Description
Isobel Campbell is no stranger to navigating turmoil. On her previous album, There Is No
Other (2020), she re-emerged after a decade of label trouble with a gem of subtly
questing psychedelic folk. Four years on, Campbell spreads her net wider on Bow to
Love, a soft-spun yet sharp-edged set of reflections on modern crises that doesn't stop at
diagnosing the problems: it goes further to ask how we might progress from our tense,
conflicted times.
With all the dexterity the Glasgow-born singer-songwriter and cellist is known for, the
result is an album of lambent surfaces and choppy riptides, a deeply personal record for
today poised between hope and despair. "The album is about what we're all in right
now, and my response to that and my life as a microcosm within that," says Campbell,
before suggesting how exposing modern horrors might prove purgative. "I think there's
a quote from A Course In Miracles which says, 'Love brings up everything unlike itself
for the purpose of healing and release.' Maybe these horrible things are coming up and
out so we can get rid of them and things can be better."
Her radar keenly attuned to inequities, Campbell spotlights toxic masculinity on the
luminous 'Everything Falls Apart,' it's circling lilt and warm, fretless bass framing a call
to unmask patriarchal power in readiness for "a brand new start". "My elegy to the
patriarchy" is how Campbell pitches it, noting how "even the words we use to insult a
substandard man will often blame the woman - 'son of a bitch', 'bastard'." The
spellbinding psych-folk of 'Spider to the Fly' and 'Second Guessing' add themes of
"narcissistic abuse" and "repetition compulsion", lending bite to the album's take on
relationships.
Some songs were first conceptualised in 2016, when Brexit and Trump exacerbated
what Campbell describes as "real tension" amongst people. Between its gently jazzy
shuffle and cushioning arrangement, the Yoda-esque 'Do Or Die' foregrounds fortitude
in the face of gnawing anxieties. The rainy-day soul-pop of 'Keep Calm Carry On'
also started in 2016, when Campbell was staying at her aunt's flat in Yoker and her then-
husband and collaborator Chris Szczech texted her from New York about the Brexit vote.

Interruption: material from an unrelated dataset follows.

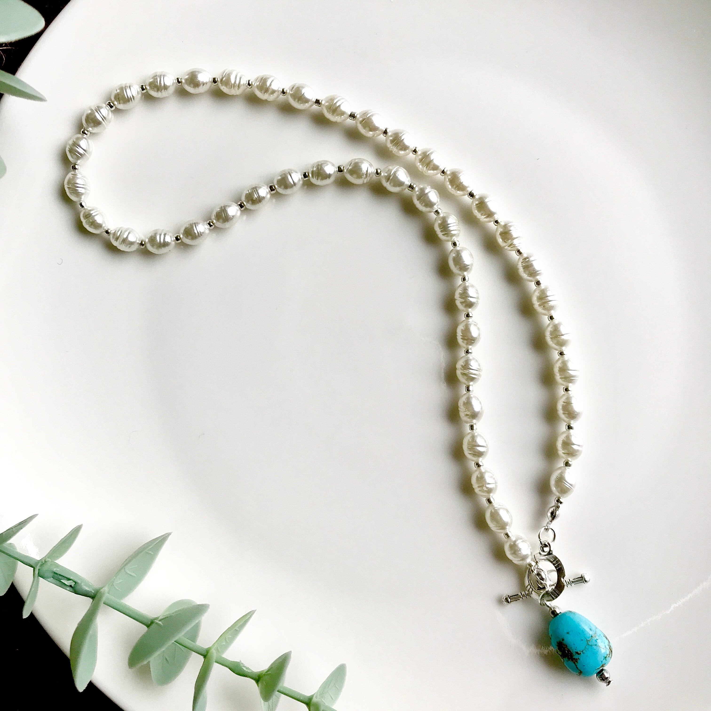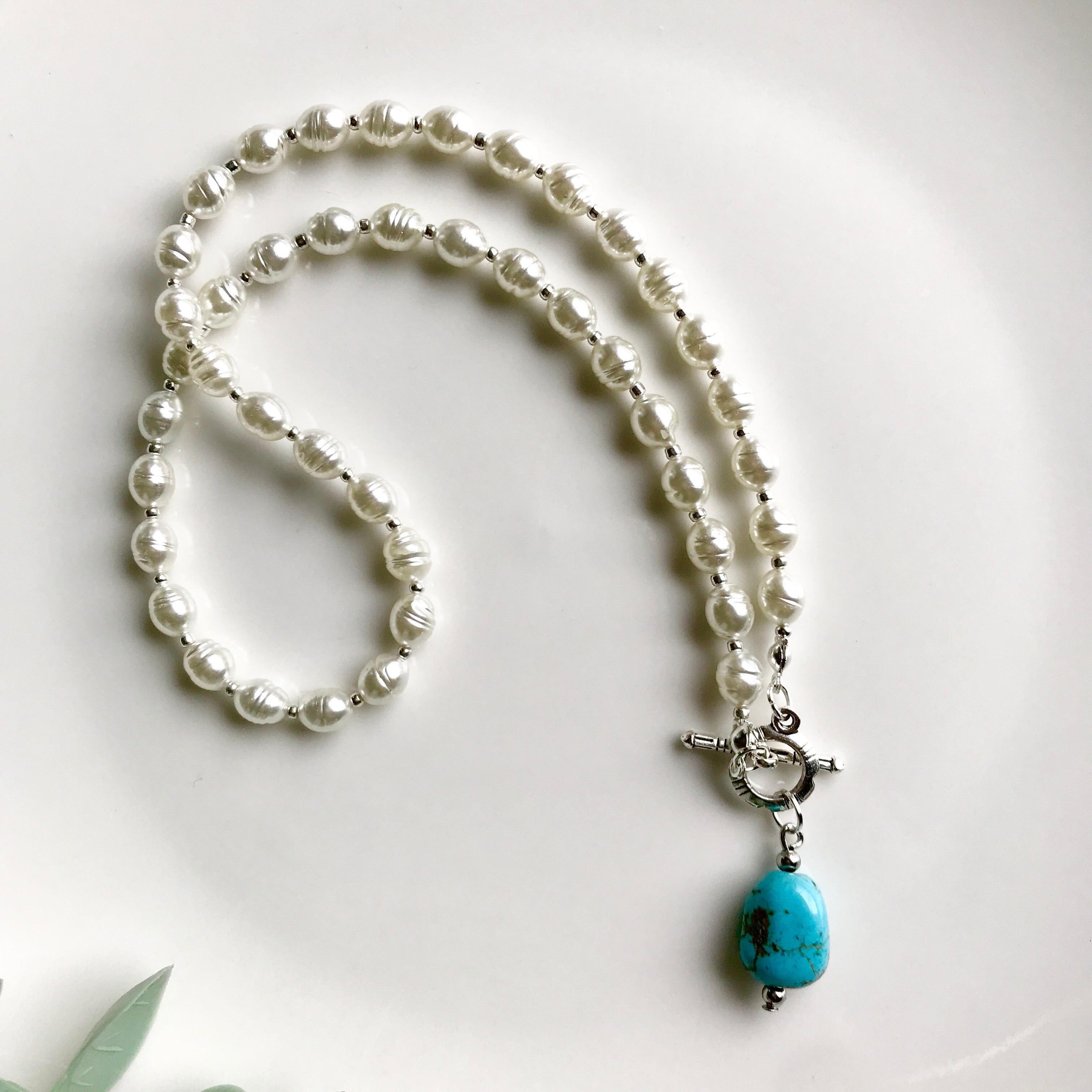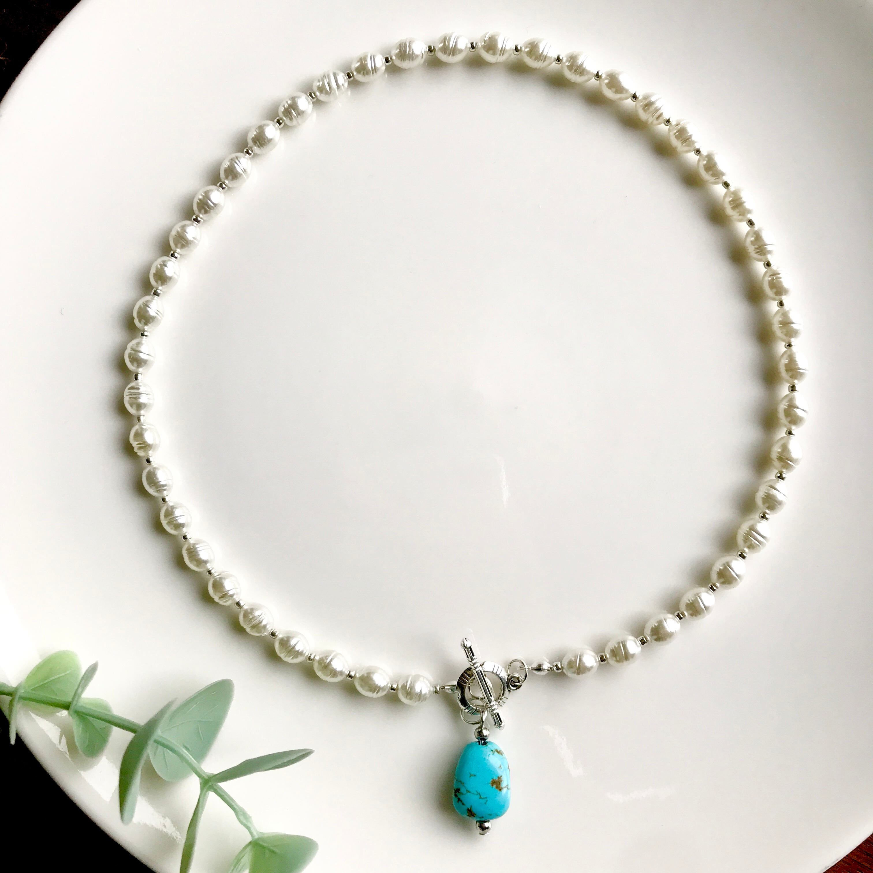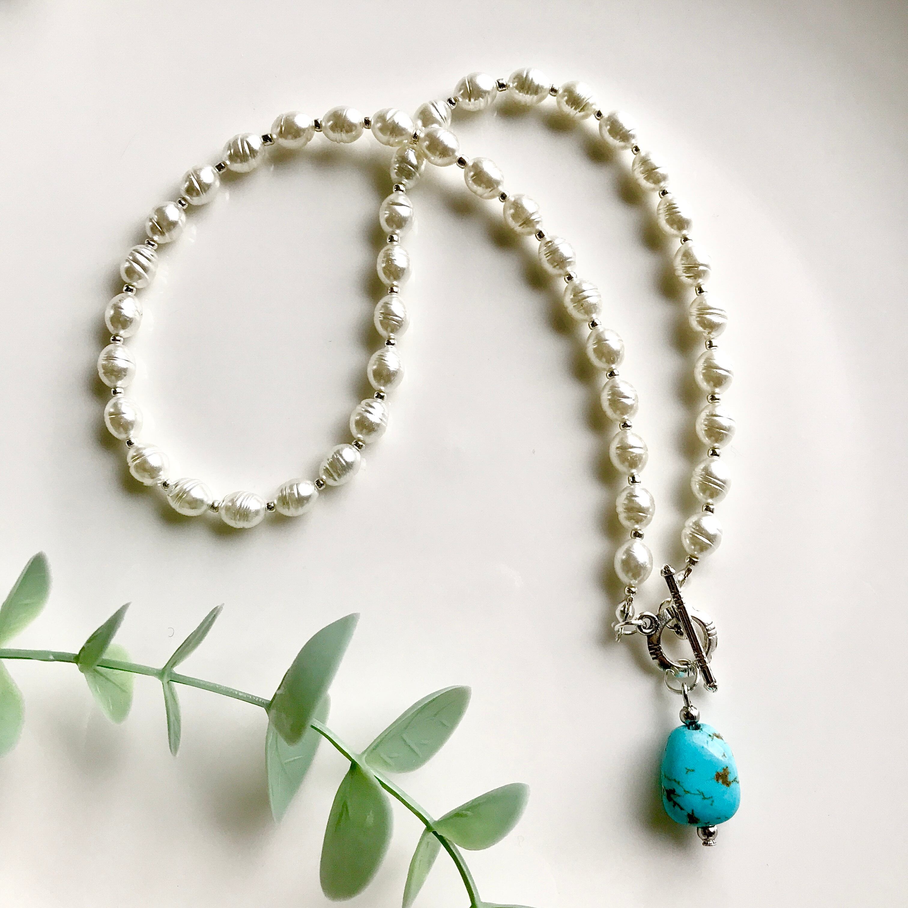 樹脂パールのネックレスにターコイズ(天然石)をぶら下げました。

"Chris was saying, 'It looks like it's going to happen' but I was like, 'No way.' And actually
- 'way'. It did happen."
Technology is touched on with first single '4316', an almost robo-folk-pop challenge to
the idea of the "transhuman": the idea that technology might sire a new stage in human
evolution. Favouring "honest, decent communication" over AI, Campbell takes a dim
view of our "friend, unfriend, block, unblock" culture. "I know what I love and it ain't
that," she says. "I was talking to an Uber driver the other day and I said, 'I don't want to
be living in a video game.' And he said, 'Well, we are.' I feel like I'm offering a human
element in these transhuman days of artificial intelligence."